I found that SDV provides RegexGenerator, and the documentation states that the column just needs to be of text type. I manually updated my column to text type using metadata.update_column. However, when running it, I encountered two issues:
Issue 1: It only supports ID column types.
Issue 2: It throws an error with complex regular expressions.

Regarding Issue 1, this might not be a bug; it could be an issue with how I'm using the API? As for Issue 2, is it a bug? How can I meet my requirements? Does SDV provide any relevant solutions?

Steps to reproduce

Issue 1: It only supports ID column types - code snippet

import pandas as pd
from rdt.transformers import AnonymizedFaker, PseudoAnonymizedFaker, RegexGenerator
from sdv.metadata import SingleTableMetadata
from sdv.single_table import GaussianCopulaSynthesizer

# Create sample data
data = {
    'UserID': [1, 2, 3, 4, 5],
    'Name': ['Zhang San', 'Li Si', 'Wang Wu', 'Zhao Liu', 'Qian Qi'],
    'CreditCardNumber': ['1234-5678-9012-3456', '2345-6789-0123-4567', '3456-7890-1234-5678', '4567-8901-2345-6789', '5678-9012-3456-7890'],
    'SocialSecurityNumber': ['123-45-6789', '987-65-4321', '555-55-5555', '666-66-6666', '777-77-7777']
}
real_data = pd.DataFrame(data)

# Create metadata
metadata = SingleTableMetadata()
metadata.detect_from_dataframe(real_data)
metadata.update_column('CreditCardNumber', sdtype='text')
metadata.update_column('SocialSecurityNumber', sdtype='text')
metadata.update_column('UserID', sdtype='id')

# Create GaussianCopulaSynthesizer instance
synthesizer = GaussianCopulaSynthesizer(metadata=metadata)

# Automatically assign column transformers
synthesizer.auto_assign_transformers(real_data)

# Update transformers for anonymization and pseudo-anonymization
simple_regex = '^User_[A-Za-z0-9]{4}$'
# simple_regex = '^(?=.{3,255}$)[a-zA-Z0-9][-a-zA-Z0-9]{0,62}(\.[a-zA-Z0-9][-a-zA-Z0-9]{0,62})*$'

synthesizer.update_transformers(column_name_to_transformer={
    'CreditCardNumber': AnonymizedFaker(provider_name='credit_card', function_name='credit_card_number', cardinality_rule='unique'),
    'UserID': RegexGenerator(regex_format=simple_regex, enforce_uniqueness=True),

    # 'SocialSecurityNumber': PseudoAnonymizedFaker(provider_name='ssn', function_name='ssn')
    'SocialSecurityNumber': RegexGenerator(regex_format=simple_regex, enforce_uniqueness=True),
})

# Preprocess data
processed_data = synthesizer.preprocess(real_data)

# Train the model
synthesizer.fit_processed_data(processed_data)

# Generate synthetic data
synthetic_data = synthesizer.sample(num_rows=5)

# Print results
print("\nSynthetic Data:")
print(synthetic_data)

error:

  File "/app/miniconda3/envs/sdv-tool-example/lib/python3.8/site-packages/sdv/data_processing/data_processor.py", line 664, in update_transformers
    self._hyper_transformer.update_transformers(column_name_to_transformer)
  File "/app/miniconda3/envs/sdv-tool-example/lib/python3.8/site-packages/rdt/hyper_transformer.py", line 522, in update_transformers
    raise InvalidConfigError(
rdt.errors.InvalidConfigError: Column 'SocialSecurityNumber' is a pii column, which is incompatible with the 'RegexGenerator' transformer.
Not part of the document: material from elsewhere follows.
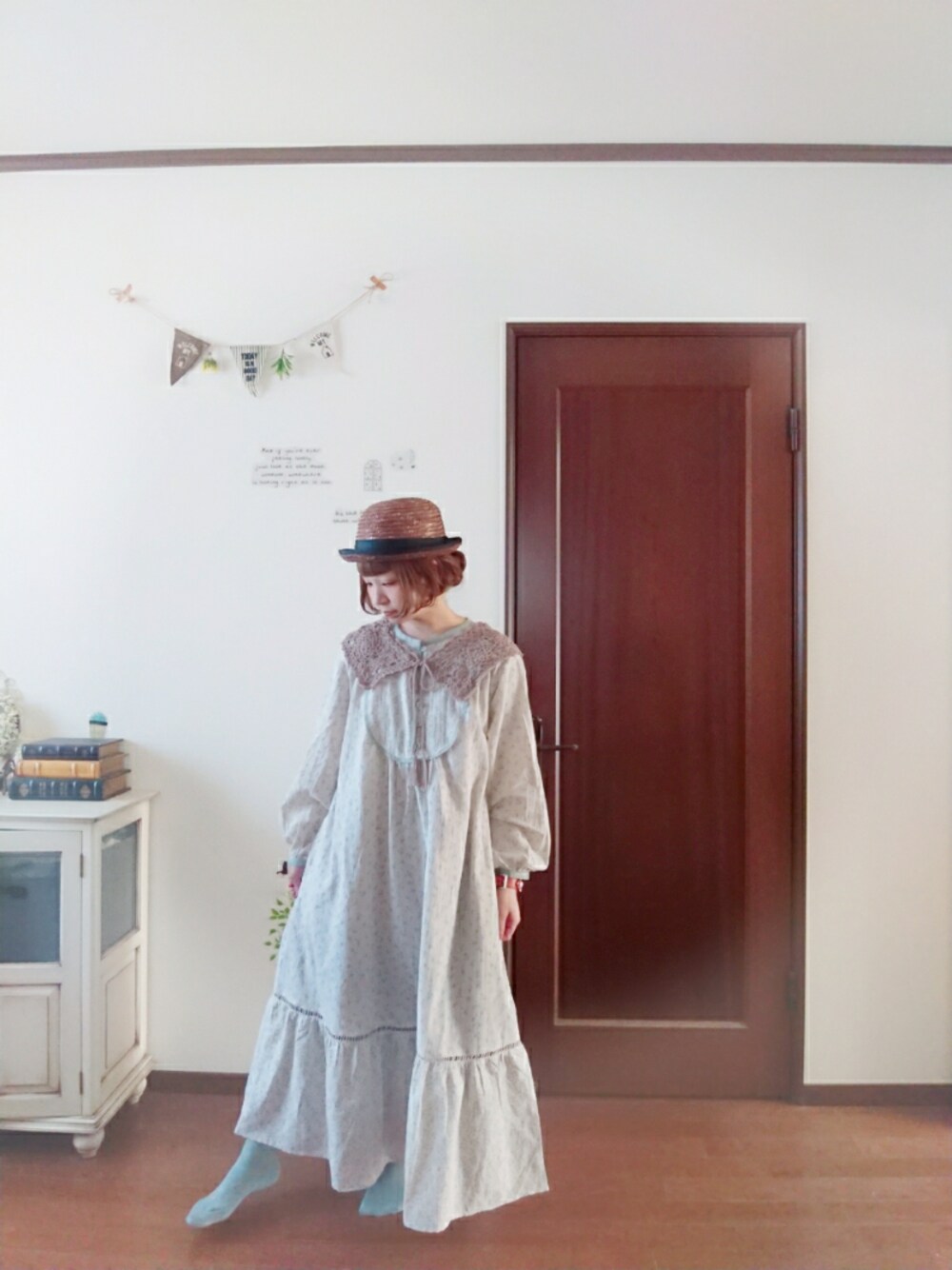 mek0のワンピース「花柄プリントパイピングワンピース」を使ったコーディネート

Issue 2: It throws an error with complex regular expressions - code snippet

import pandas as pd
from rdt.transformers import AnonymizedFaker, PseudoAnonymizedFaker, RegexGenerator
from sdv.metadata import SingleTableMetadata
from sdv.single_table import GaussianCopulaSynthesizer

# Create sample data
data = {
    'UserID': [1, 2, 3, 4, 5],
    'Name': ['Zhang San', 'Li Si', 'Wang Wu', 'Zhao Liu', 'Qian Qi'],
    'CreditCardNumber': ['1234-5678-9012-3456', '2345-6789-0123-4567', '3456-7890-1234-5678', '4567-8901-2345-6789', '5678-9012-3456-7890'],
    'SocialSecurityNumber': ['123-45-6789', '987-65-4321', '555-55-5555', '666-66-6666', '777-77-7777']
}
real_data = pd.DataFrame(data)

# Create metadata
metadata = SingleTableMetadata()
metadata.detect_from_dataframe(real_data)
metadata.update_column('CreditCardNumber', sdtype='text')
metadata.update_column('SocialSecurityNumber', sdtype='text')
metadata.update_column('UserID', sdtype='id')

# Create GaussianCopulaSynthesizer instance
synthesizer = GaussianCopulaSynthesizer(metadata=metadata)
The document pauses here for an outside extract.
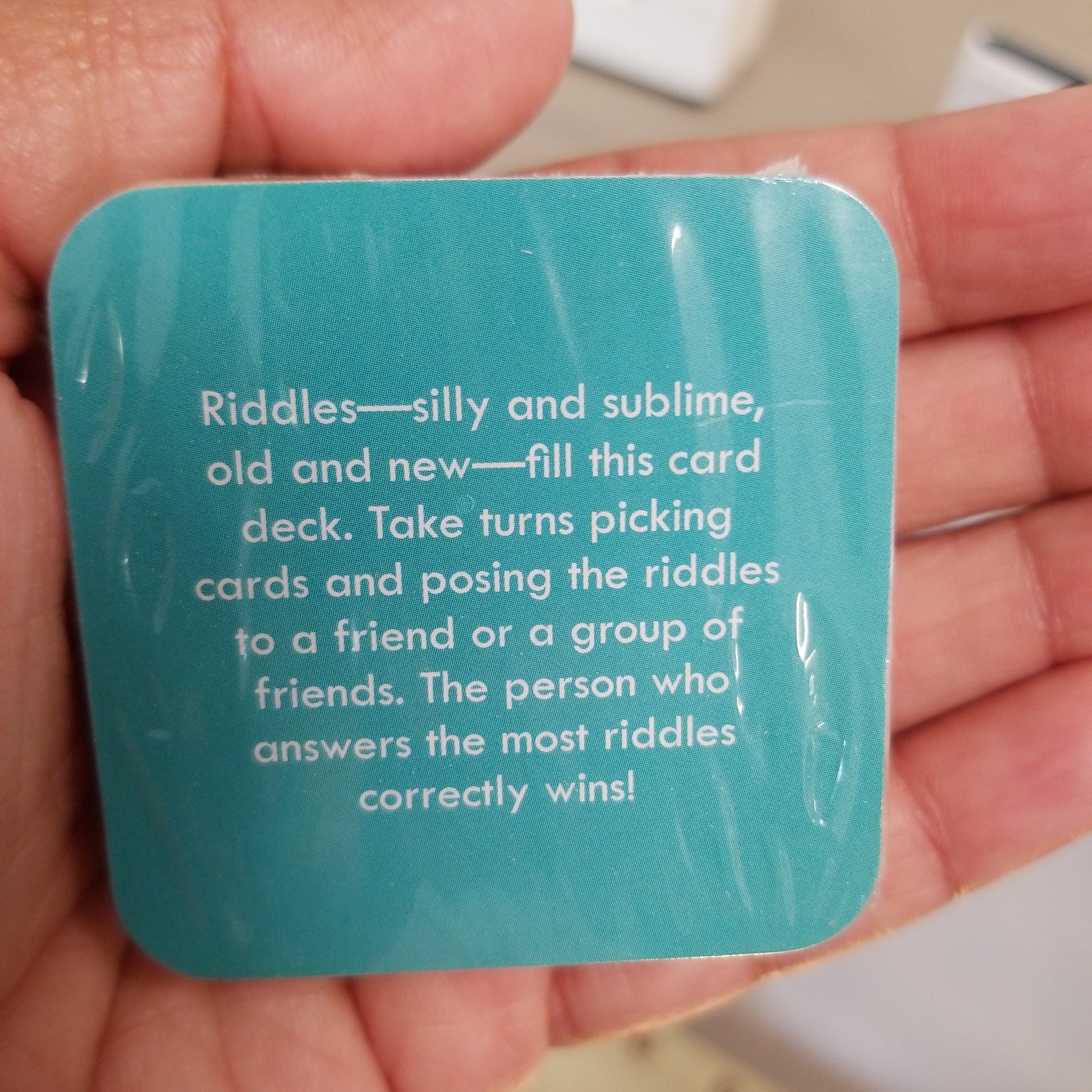 Elevate your gatherings or transform any travel time into an engaging adventure with the "Riddle Me This Card Tin." Packed with 50 clever riddles, this portable tin is the perfect companion for dinner parties, family get-togethers, or road trips. Challenge your mind and share laughs as you solve these amusing puzzles together. Whether you’re looking to spark lively conversations or just pass the time, this collection ensures endless fun and brain-teasing amusement for all ages.

# Automatically assign column transformers
synthesizer.auto_assign_transformers(real_data)

# Update transformers for anonymization and pseudo-anonymization
# simple_regex = '^User_[A-Za-z0-9]{4}$'
simple_regex = '^(?=.{3,255}$)[a-zA-Z0-9][-a-zA-Z0-9]{0,62}(\.[a-zA-Z0-9][-a-zA-Z0-9]{0,62})*$'

synthesizer.update_transformers(column_name_to_transformer={
    'CreditCardNumber': AnonymizedFaker(provider_name='credit_card', function_name='credit_card_number', cardinality_rule='unique'),
    'UserID': RegexGenerator(regex_format=simple_regex, enforce_uniqueness=True),
    'SocialSecurityNumber': PseudoAnonymizedFaker(provider_name='ssn', function_name='ssn')
})

# Preprocess data
processed_data = synthesizer.preprocess(real_data)

# Train the model
synthesizer.fit_processed_data(processed_data)

# Generate synthetic data
synthetic_data = synthesizer.sample(num_rows=5)

# Print results
print("\nSynthetic Data:")
print(synthetic_data)

error:

File "/app/miniconda3/envs/sdv-tool-example/lib/python3.8/site-packages/rdt/transformers/text.py", line 142, in reset_randomization
    self.generator, self.generator_size = strings_from_regex(self.regex_format)
  File "/app/miniconda3/envs/sdv-tool-example/lib/python3.8/site-packages/rdt/transformers/utils.py", line 153, in strings_from_regex
    generator, size = _GENERATORS[option](args, max_repeat)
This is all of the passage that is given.